Prisoners should only be released before the end of their sentence if they have behaved well, the justice secretary urges, saying he wants an end to the automatic early release system.
Insisting that "putting people behind bars" had reduced crime, Chris Grayling also said that he does not want to cut prison places, and signalled he was prepared to remove certain privileges for prisoners, such as watching Sky TV.
Under a system introduced by the Labour government, most prisoners are automatically released midway through their sentences.
But Mr Grayling, who took up the post of justice secretary in the last cabinet reshuffle, said that he wanted an end to the automatic system.
"What people don't particularly understand is why sentencing works in the way it does. If you get 10 years, you're out after five automaticallly," he told the Daily Telegraph.
"It's not something that can be changed overnight, there are constraints on the system, there are constraints on prison places.
"Ultimately, I'm attracted by an option that doesn't simply automatically release you at a certain point, regardless of whether you've behaved well or not."
The stance taken by Mr Grayling, who has previously said that he wants a "rehabiliation revolution" driven by a payment by results system, marks a change from his predecessor, Kenneth Clarke.

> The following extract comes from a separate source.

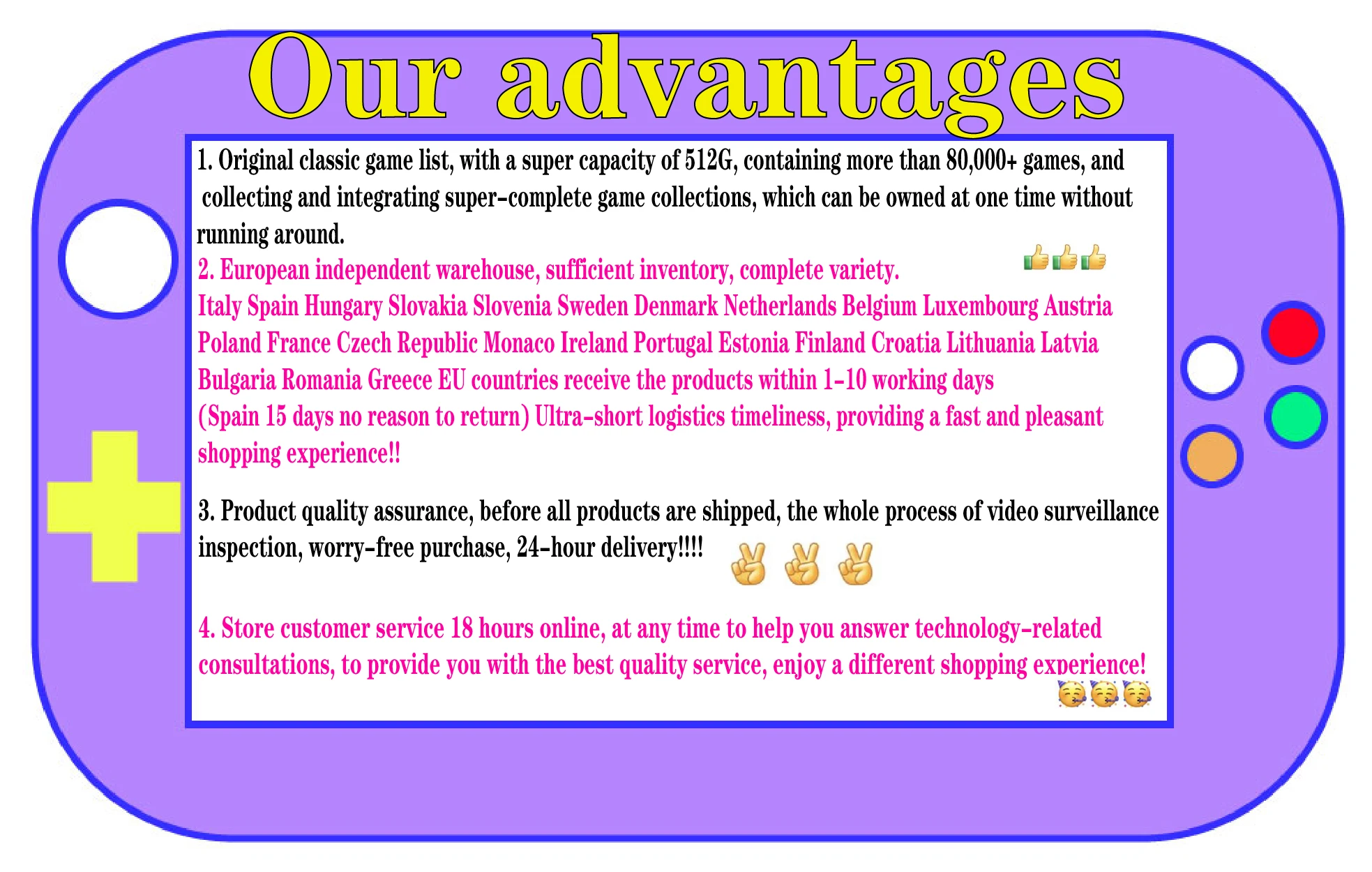 1. Оригинальный список классических игр с супер-емкостью 512 ГБ, содержащий более 80 000 игр, а также сбор и интеграцию супер-полных коллекций игр, которыми можно владеть одновременно, не бегая.
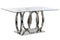 Ez a 160x90x76 cm-es étkezőasztal a kortárs dizájn és a prémium anyagok tökéletes kombinációja. Az edzett üveg asztallap letisztult, légies megjelenést biztosít, míg az ezüstszínű fém lábak egyedi körkörös kialakításukkal garantáltan magukra vonzzák a tekinteteket.

Mr Clarke said that too many people were in prison, and also advocated a "rehabilitation revolution" in a bid to keep numbers down. In September, the National Audit Office warned that the number of inmates would remain at record levels for six years, and in August, the Prison Reform Trust said that nearly two-thirds of prisons were overcrowded.
The very reason we saw the introduction of early release is because successive governments allowed the prison population to run out of control. Andrew Neilson, Howard League for Penal Reform
But amid anger from the Tory backbenches, and criticism that he was soft on crime, Mr Clarke was forced to abandon plans to cut the prison population further.
Mr Grayling signalled that he is not prepared to cut prison places, arguing that prison cuts crime.
"Every police force will tell you when a serial burglar is behind bars their local burglary rate goes down," he said.
He also said that he is prepared to consider greater use of electronic tagging. "One of the areas where possibly we've got increased scope in the future in monitoring offenders is GPS tagging where new technologies mean actually it's possible to watch an offender wherever they go."
Campaigners raised concerns over the justice secretary's comments. The Howard League for Penal Reform warned that the early release mechanism was introduced because prisons were struggling to cope with an expanding population, and that the system was there to free up places.
Andrew Neilson, director of campaigns, told Channel 4 News: "He's saying that he would rather see a system that was more dependent on good behaviour for early release.
"But the very reason we saw the introduction of early release is because successive governments allowed the prison population to run out of control.
"As long as we are sending as many people to prison, then we are forced to have these kinds of systems in place to make places available and that will continue as budgets continue to shrink."
John Hirst, a former prisoner who was jailed after he was convicted of manslaughter in 1980 and has launched legal action against the government over the ban on preventing prisoners from voting, said that behaviour is already taken into account when deciding whether to end a sentence early.
"That tends to be the position, anyway," he told Channel 4 News. "It's certainly a factor. It's all very well saying that prisoners should be of good behaviour, but prison authorities should also abide by the law."